The number that popped into my head was what I guessed his age to be. “Twenty-five,” I said.

He sighed. “Couldn't you pick a lower number?”

Oh, God, I hoped not. “No,” I told him.

“All right.” More punching of buttons. “We have a date on January twenty-fifth.”

“We do?”

“Yes. I set your phone alarm to remind you. We're going to have a drink at…name a bar.”

“What if I don't want to have a drink with you?”

“You have twenty-five days to think about it. If you decide you don't want to do it, you can always cancel. Now pick a bar.”

The only bar I could think of was the famous place, Gilberto's, around the corner from the office of my one and only long-ago employer, Gentility Press. That was the last time I had any real occasion to go out for a drink in the city. I had a moment of panic wondering whether Gilberto's was even still there, but Josh told me he knew exactly where it was, and noted the name and address in my phone before handing it back to me.

“I don't know how to use that phone alarm,” I warned him.

“You don't have to do anything,” he said. “At four o'clock on the twenty-fifth you'll hear the alarm go off, and the phone will tell you everything you need to know. I'll see you then.”

Chapter 3

T
he ringing of my cell phone jarred me out of a deep sleep. The first thing I thought, still in a fog after the late night, and in the unfamiliar light of Maggie's loft, was that it was the alarm going off for my date with Josh. I'd been dreaming about him, something vaguely erotic that was hurtling out of my reach as the phone kept up its insistent trilling.

I finally managed to wake up—my neck was stiff from sleeping on the purple chaise—and find the phone still lodged in the pocket of the jeans I'd worn, crumpled on the floor.
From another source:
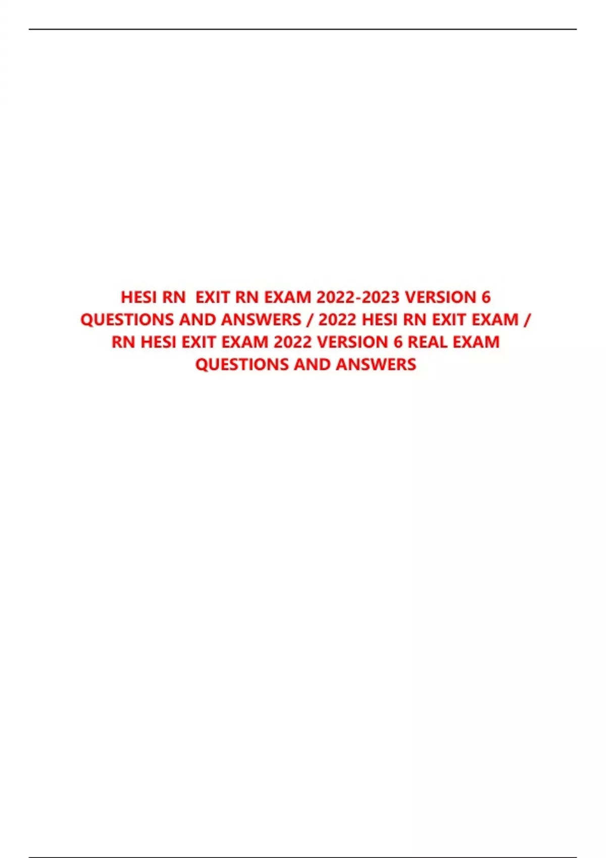 HESI RN EXIT RN EXAM 2022-2023 VERSION 6

After I said hello, there was only crackling on the line, crackling and silence, and I was about to hang up except finally, tinny and far away, I heard my daughter Diana's voice.

“Mom?” she said. “Mommy? Is that you?”

“It's me, sweetheart,” I said, at once fully awake. Diana wasn't able to call often. The nearest phone was a ten-mile hike from the village where she was working as a Peace Corps volunteer. Contrary to popular belief, there still were some places—make that many places—where cell phones and the Internet didn't reach.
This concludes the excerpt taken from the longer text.